186 N.J. 46, 891 A.2d 600 (2006)

PUBLIC CONTRACTS; BRIBERY; DISGORGEMENT—Where a public contract is obtained through bribery, the guilty party is required to disgorge its gross profits but any portion earned by innocent third parties may be retained by those parties.

A bank employee and a county employee engaged in an illegal kickback scheme. The bank employee paid the county employee and the county employee awarded three public bonding contracts to the bank. For underwriting the bonds, the bank was paid $2.9 million in fees. Evidence presented at trial indicated that on one of the contracts, the bank only retained 52.34% of the fee; with the remainder distributed to other, innocent, underwriting firms. At trial, the county had the burden of establishing the allocation of fees on the other contracts. Because the county could not present evidence of the fee sharing allocation for two of the contracts, the lower court barred the county from seeking disgorgement of those fees. It limited disgorgement on the third contract to the 52.34% of the fees retained by the bank and the jury returned a verdict in favor of the county on the disgorgement claim for the 52.34% of the fees retained by the bank on that contract. The jury further found the bank did not breach any fiduciary duty. The lower court awarded prejudgment interest on the proven retained underwriting fees from the date of the contract. Both the bank and the county appealed.

The Appellate Division ruled that in addition to the partial fee disgorgement on one of the bonds, the bank had to disgorge its fees earned on the other two bonds. Further, it held that it was the bank’s burden to prove how much of the underwriting fees it distributed to other underwriters. Rejecting the banks’ claim to the contrary, the Appellate Division ruled that the remedy of unjust enrichment, an equitable remedy usually not available in contract disputes, is available in the form of disgorgement when a government contract is obtained through corrupt means. Reversing the lower court, the Appellate Division held that prejudgment interest should run only from the date the complaint was filed. The Appellate Division agreed with the jury’s finding that punitive damages were not appropriate in the absence of a breach of the bank’s fiduciary duty. Both the bank and the county appealed to the New Jersey Supreme Court.

In that appeal, reasoning that awarding disgorgement is not based on the damages suffered by the county but rather on the idea of preventing the wrongdoer from retaining any profits of its wrongdoing, the Supreme Court held that “when a public contract is obtained by bribing a public official, the public entity is entitled to the gross profits obtained by the wrongdoer.” The Supreme Court affirmed the Appellate Division’s order requiring the bank to disgorge all retained fees on each of the three contracts, and further affirmed the Appellate Division’s ruling that the bank had the burden of proving whether any fees were paid to innocent third party underwriters. The issue of establishing the distribution of the underwriting fees was remanded to the lower court.
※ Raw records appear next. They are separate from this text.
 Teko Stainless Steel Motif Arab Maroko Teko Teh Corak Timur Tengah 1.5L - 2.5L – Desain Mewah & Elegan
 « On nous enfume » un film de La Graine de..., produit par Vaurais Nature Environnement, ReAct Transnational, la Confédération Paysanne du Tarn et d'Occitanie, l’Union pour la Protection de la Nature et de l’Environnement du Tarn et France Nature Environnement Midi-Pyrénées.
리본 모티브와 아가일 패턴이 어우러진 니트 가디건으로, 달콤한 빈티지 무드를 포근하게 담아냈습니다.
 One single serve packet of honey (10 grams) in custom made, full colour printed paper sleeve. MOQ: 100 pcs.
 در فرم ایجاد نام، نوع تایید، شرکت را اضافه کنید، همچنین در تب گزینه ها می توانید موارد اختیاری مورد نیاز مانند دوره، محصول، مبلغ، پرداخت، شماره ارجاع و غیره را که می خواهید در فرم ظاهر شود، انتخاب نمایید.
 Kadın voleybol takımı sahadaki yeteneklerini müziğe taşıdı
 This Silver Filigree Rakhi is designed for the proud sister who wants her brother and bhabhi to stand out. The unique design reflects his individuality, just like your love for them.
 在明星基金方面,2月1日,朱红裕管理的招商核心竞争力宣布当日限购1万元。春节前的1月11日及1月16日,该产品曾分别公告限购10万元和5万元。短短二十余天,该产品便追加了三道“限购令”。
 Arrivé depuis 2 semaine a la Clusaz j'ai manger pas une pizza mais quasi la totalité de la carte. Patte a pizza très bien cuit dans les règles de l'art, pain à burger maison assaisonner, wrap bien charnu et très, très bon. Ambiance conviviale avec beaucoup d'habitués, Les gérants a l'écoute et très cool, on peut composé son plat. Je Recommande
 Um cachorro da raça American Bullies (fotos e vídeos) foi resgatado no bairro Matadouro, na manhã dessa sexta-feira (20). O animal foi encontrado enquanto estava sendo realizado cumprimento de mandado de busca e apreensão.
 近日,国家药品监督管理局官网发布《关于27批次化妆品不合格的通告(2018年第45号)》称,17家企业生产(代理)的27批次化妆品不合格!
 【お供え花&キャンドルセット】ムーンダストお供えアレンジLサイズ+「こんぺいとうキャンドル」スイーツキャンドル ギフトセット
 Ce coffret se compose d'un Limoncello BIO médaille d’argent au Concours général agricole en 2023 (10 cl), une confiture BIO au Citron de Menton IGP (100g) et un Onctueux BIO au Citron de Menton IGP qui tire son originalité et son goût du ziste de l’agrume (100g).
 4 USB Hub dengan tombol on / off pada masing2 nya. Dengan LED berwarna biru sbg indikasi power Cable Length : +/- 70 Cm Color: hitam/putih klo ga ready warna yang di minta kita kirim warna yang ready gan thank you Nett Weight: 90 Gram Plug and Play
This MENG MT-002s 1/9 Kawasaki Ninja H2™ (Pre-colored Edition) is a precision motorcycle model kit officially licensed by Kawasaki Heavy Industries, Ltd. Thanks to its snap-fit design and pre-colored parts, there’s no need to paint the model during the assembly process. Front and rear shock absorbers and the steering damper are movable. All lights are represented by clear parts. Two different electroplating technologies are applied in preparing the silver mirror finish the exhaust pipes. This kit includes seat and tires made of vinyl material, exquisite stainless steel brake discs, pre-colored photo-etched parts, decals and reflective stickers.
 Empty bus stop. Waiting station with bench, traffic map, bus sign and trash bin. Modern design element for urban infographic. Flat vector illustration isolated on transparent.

Holding that the award of prejudgment interest in contract and equitable claims is based on equitable principles, the matter fell within the discretion of the lower court. Because the record did not reflect a manifest denial of justice at trial, it was reversible error for the Appellate Division to change the date on which prejudgment interest should begin to accrue. As to the issue of prejudgment interest, the Supreme Court reversed the Appellate Division and reinstated the lower court’s ruling that prejudgment interest should run from the date of the transaction. The Supreme Court affirmed that part of the Appellate Division’s ruling denying the award of punitive damages on the county’s breach of fiduciary duty claim.